Effects of 4-Br-A23187 on Bacillus subtilis cells and unilamellar vesicles reveal it to be a potent copper ionophore

Abstract

Ionophores are small molecules or peptides that transport metal ions across biological membranes. Their transport capabilities are typically characterized in vitro using vesicles and single ion species. It is difficult to infer from these data which effects ionophores have on living cells in a complex environment (e.g., culture medium), since net ion movement is influenced by many factors including ion composition of the medium, concentration gradients, pH gradient, and protein-mediated transport processes across the membrane. To gain insights into the antibacterial mechanism of action of the semisynthetic polyether ionophore 4-Br-A23187, known to efficiently transport zinc and manganese in vitro, we investigated its effects on the gram-positive model organism Bacillus subtilis.
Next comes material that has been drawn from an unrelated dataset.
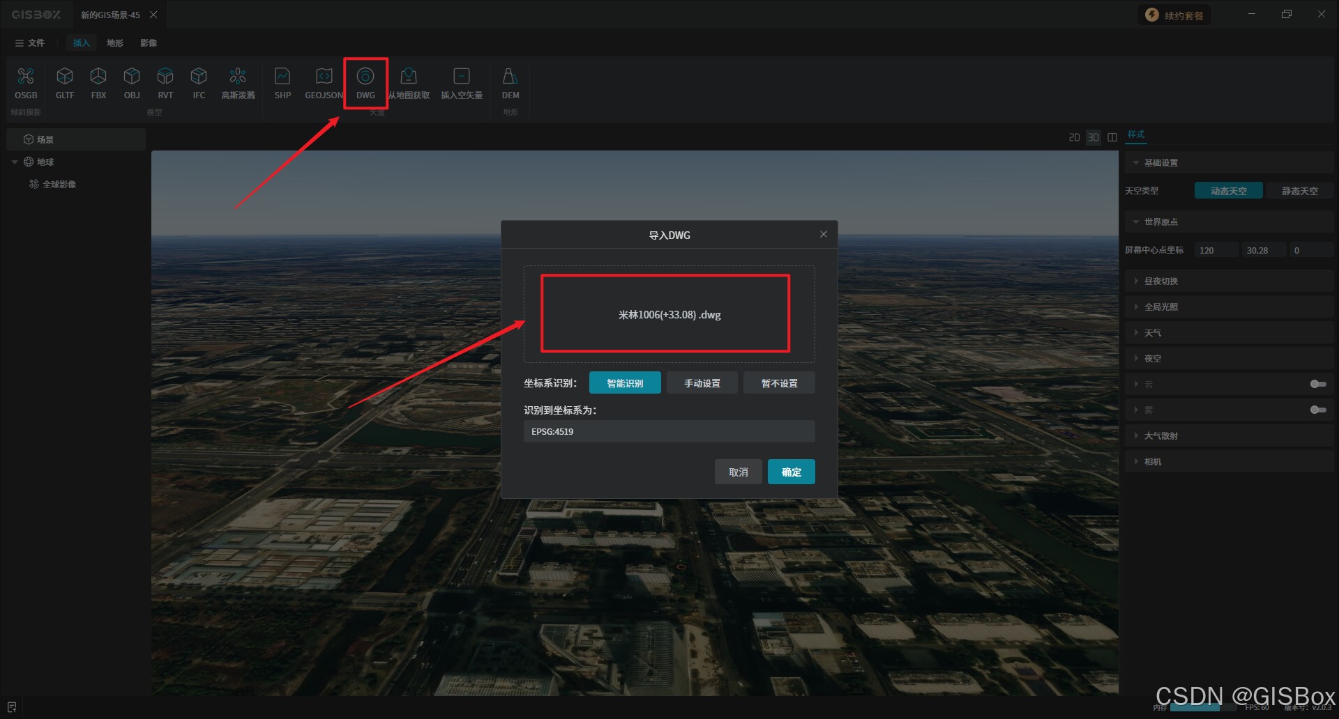 2、在场景中点击“DWG”按钮,将本地的.dwg格式文件添加进去,有坐标的DWG文件,软件会自动识别获取。未识别的可以手动获取,没有坐标的可以选择暂不设置。

In addition to monitoring cellular ion concentrations, the physiological impact of treatment was assessed on the proteome level. 4-Br-A23187 treatment resulted in an increase in intracellular copper levels, the extent of which depended on the copper concentration of the medium. Effects of copper accumulation mirrored by the proteomic response included oxidative stress, disturbance of proteostasis, metal and sulfur homeostasis. The antibiotic effect of 4-Br-A23187 is further aggravated by a decrease in intracellular manganese and magnesium. A liposome model confirmed that 4-Br-A23187 acts as copper ionophore in vitro.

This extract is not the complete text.